Stored data
----------

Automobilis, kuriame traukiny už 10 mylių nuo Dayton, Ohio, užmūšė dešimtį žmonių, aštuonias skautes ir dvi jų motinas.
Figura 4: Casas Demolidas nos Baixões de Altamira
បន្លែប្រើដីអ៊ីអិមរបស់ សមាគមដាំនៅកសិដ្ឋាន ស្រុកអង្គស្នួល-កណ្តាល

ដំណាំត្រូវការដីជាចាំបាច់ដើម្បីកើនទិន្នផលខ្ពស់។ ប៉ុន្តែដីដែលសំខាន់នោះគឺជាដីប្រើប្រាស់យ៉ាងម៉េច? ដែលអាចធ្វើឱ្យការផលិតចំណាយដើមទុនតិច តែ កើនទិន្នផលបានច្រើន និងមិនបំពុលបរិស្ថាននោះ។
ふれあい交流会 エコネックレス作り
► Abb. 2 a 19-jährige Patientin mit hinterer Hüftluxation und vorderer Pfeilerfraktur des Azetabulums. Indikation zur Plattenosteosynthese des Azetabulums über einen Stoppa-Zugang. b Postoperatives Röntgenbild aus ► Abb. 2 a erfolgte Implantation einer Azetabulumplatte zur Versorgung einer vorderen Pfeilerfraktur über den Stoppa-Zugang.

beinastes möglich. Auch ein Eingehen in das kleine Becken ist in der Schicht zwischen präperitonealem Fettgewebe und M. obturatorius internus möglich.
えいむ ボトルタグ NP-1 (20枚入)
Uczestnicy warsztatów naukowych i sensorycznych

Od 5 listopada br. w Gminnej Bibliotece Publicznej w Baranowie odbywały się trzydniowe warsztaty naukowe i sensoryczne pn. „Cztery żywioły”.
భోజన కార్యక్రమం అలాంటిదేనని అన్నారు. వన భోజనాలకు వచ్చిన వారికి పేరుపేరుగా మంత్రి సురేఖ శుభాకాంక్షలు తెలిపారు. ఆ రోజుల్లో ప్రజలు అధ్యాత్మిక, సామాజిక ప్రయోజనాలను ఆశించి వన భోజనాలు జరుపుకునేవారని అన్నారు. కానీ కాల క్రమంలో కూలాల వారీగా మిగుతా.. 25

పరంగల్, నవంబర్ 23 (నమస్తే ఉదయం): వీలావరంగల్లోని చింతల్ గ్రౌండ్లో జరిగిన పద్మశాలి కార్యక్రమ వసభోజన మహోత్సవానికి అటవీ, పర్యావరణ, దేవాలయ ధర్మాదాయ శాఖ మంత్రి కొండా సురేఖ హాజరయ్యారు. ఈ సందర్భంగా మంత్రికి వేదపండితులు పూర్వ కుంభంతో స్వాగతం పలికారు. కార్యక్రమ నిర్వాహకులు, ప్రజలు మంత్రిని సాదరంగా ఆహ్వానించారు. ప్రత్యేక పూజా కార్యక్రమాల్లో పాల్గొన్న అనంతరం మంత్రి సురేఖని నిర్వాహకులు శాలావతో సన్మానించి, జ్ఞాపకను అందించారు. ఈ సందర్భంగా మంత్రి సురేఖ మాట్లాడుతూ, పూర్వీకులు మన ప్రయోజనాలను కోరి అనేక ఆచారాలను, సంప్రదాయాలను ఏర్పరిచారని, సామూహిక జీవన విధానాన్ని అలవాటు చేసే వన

----------

Every line from the one containing "über den Stoppa-Zugang." through the last line of the entries must be written out verbatim, and no other line.

→ **Written solution**
► Abb. 2 a 19-jährige Patientin mit hinterer Hüftluxation und vorderer Pfeilerfraktur des Azetabulums. Indikation zur Plattenosteosynthese des Azetabulums über einen Stoppa-Zugang. b Postoperatives Röntgenbild aus ► Abb. 2 a erfolgte Implantation einer Azetabulumplatte zur Versorgung einer vorderen Pfeilerfraktur über den Stoppa-Zugang.

beinastes möglich. Auch ein Eingehen in das kleine Becken ist in der Schicht zwischen präperitonealem Fettgewebe und M. obturatorius internus möglich.
えいむ ボトルタグ NP-1 (20枚入)
Uczestnicy warsztatów naukowych i sensorycznych

Od 5 listopada br. w Gminnej Bibliotece Publicznej w Baranowie odbywały się trzydniowe warsztaty naukowe i sensoryczne pn. „Cztery żywioły”.
భోజన కార్యక్రమం అలాంటిదేనని అన్నారు. వన భోజనాలకు వచ్చిన వారికి పేరుపేరుగా మంత్రి సురేఖ శుభాకాంక్షలు తెలిపారు. ఆ రోజుల్లో ప్రజలు అధ్యాత్మిక, సామాజిక ప్రయోజనాలను ఆశించి వన భోజనాలు జరుపుకునేవారని అన్నారు. కానీ కాల క్రమంలో కూలాల వారీగా మిగుతా.. 25

పరంగల్, నవంబర్ 23 (నమస్తే ఉదయం): వీలావరంగల్లోని చింతల్ గ్రౌండ్లో జరిగిన పద్మశాలి కార్యక్రమ వసభోజన మహోత్సవానికి అటవీ, పర్యావరణ, దేవాలయ ధర్మాదాయ శాఖ మంత్రి కొండా సురేఖ హాజరయ్యారు. ఈ సందర్భంగా మంత్రికి వేదపండితులు పూర్వ కుంభంతో స్వాగతం పలికారు. కార్యక్రమ నిర్వాహకులు, ప్రజలు మంత్రిని సాదరంగా ఆహ్వానించారు. ప్రత్యేక పూజా కార్యక్రమాల్లో పాల్గొన్న అనంతరం మంత్రి సురేఖని నిర్వాహకులు శాలావతో సన్మానించి, జ్ఞాపకను అందించారు. ఈ సందర్భంగా మంత్రి సురేఖ మాట్లాడుతూ, పూర్వీకులు మన ప్రయోజనాలను కోరి అనేక ఆచారాలను, సంప్రదాయాలను ఏర్పరిచారని, సామూహిక జీవన విధానాన్ని అలవాటు చేసే వన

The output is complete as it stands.